INSTRUCTIONS TO FOLLOW:
Using the entries that follow, transcribe only the lines from the line with "2023年12月27日(水) 終了 埼玉越谷" to the line with "- Variety of", both included, exactly as they stand and without pictures.

- - - -

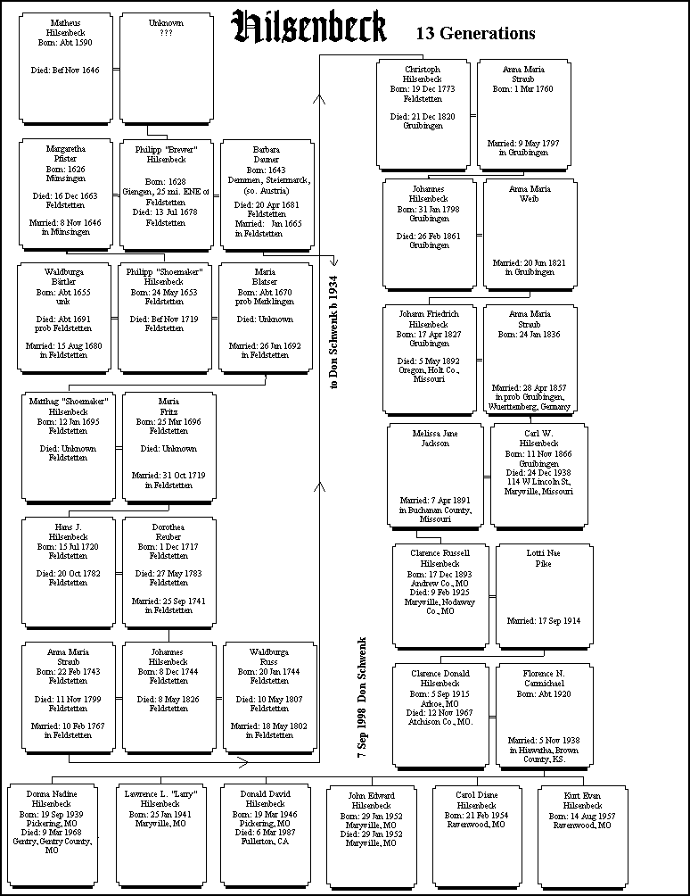 The question here is whether this same kind of name modification occurred with our Philipp Hilsenbeck's father or grandfather, or who knows how far back? What is probably more important, however, is whether this family name arose in one place in Germany. If is did, and this was in the Stuttgart-Ulm region, this would support my contention that all Hilsenbecks in Germany and in America have a common Hilsenbeck ancestor.
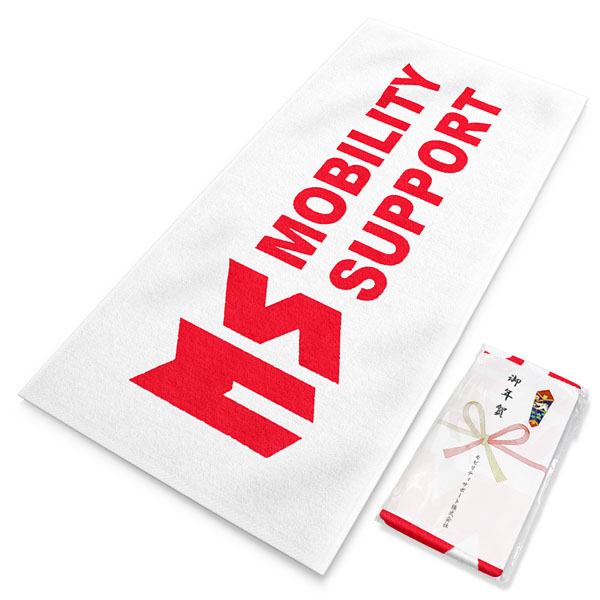 サイズ:フェイスタオル生地色:白印刷方法:片側1色名入れ印刷色:赤(156)書体:データ入稿レイアウト:ロゴ印刷のみイラスト・ロゴ:データ入稿
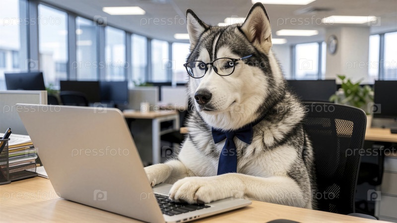 Хаски в деловом костюме за рабочим столом
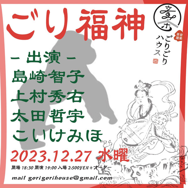 2023年12月27日(水) 終了 埼玉越谷 音楽茶屋ごりごりハウス [ごり福神] 開場18:30 開演19:00 入場2,500YEN+オーダー -出演- 島崎智子 上村秀右 こいけみほ 太田哲宇 予約↩️ gorigorihouse@gmail.com 埼玉県越谷市越ケ谷1-12-19柴田ビルⅡ1F HP↩️ https://ongakujaya-gorigorihouse.com/
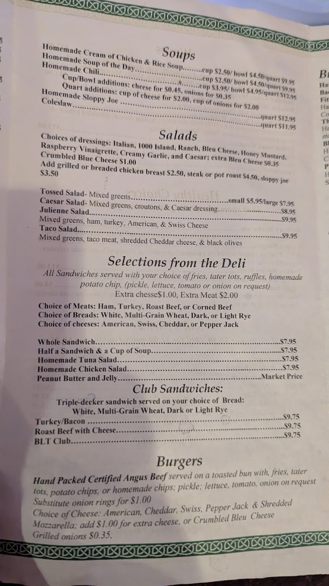- Variety of burgers and club sandwiches, from simple to fully loaded
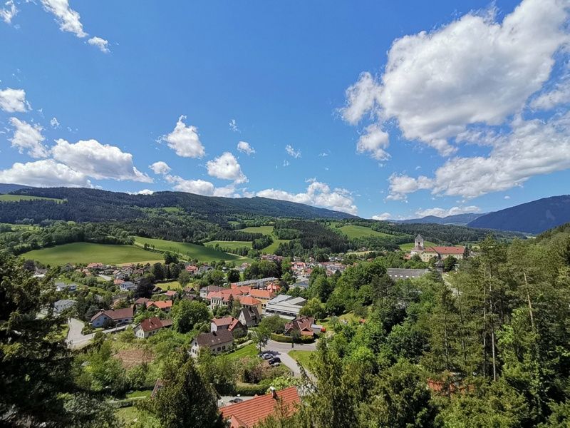 Weiter geht es über die Treppe in ein Waldstück. Hier können Sie die heimische Fauna und Flora entdecken und mit etwas Glück das Zwitschern der Vögel und das Rascheln kleiner Tiere hören. Die Ruhe des Waldes öffnet sich nach einer Weile beim Pfadfinderheim. Auf dem weiteren Verlauf des Spazierwegs gehen Sie entlang der Klostermauern. Nehmen Sie sich die Zeit auf einem der Bankerl eine kurze Rast einzulegen bevor Sie den Vorplatz der Pfarrkirche erreichen.

- - - -

EXERCISE RESPONSE:
 2023年12月27日(水) 終了 埼玉越谷 音楽茶屋ごりごりハウス [ごり福神] 開場18:30 開演19:00 入場2,500YEN+オーダー -出演- 島崎智子 上村秀右 こいけみほ 太田哲宇 予約↩️ gorigorihouse@gmail.com 埼玉県越谷市越ケ谷1-12-19柴田ビルⅡ1F HP↩️ https://ongakujaya-gorigorihouse.com/
- Variety of burgers and club sandwiches, from simple to fully loaded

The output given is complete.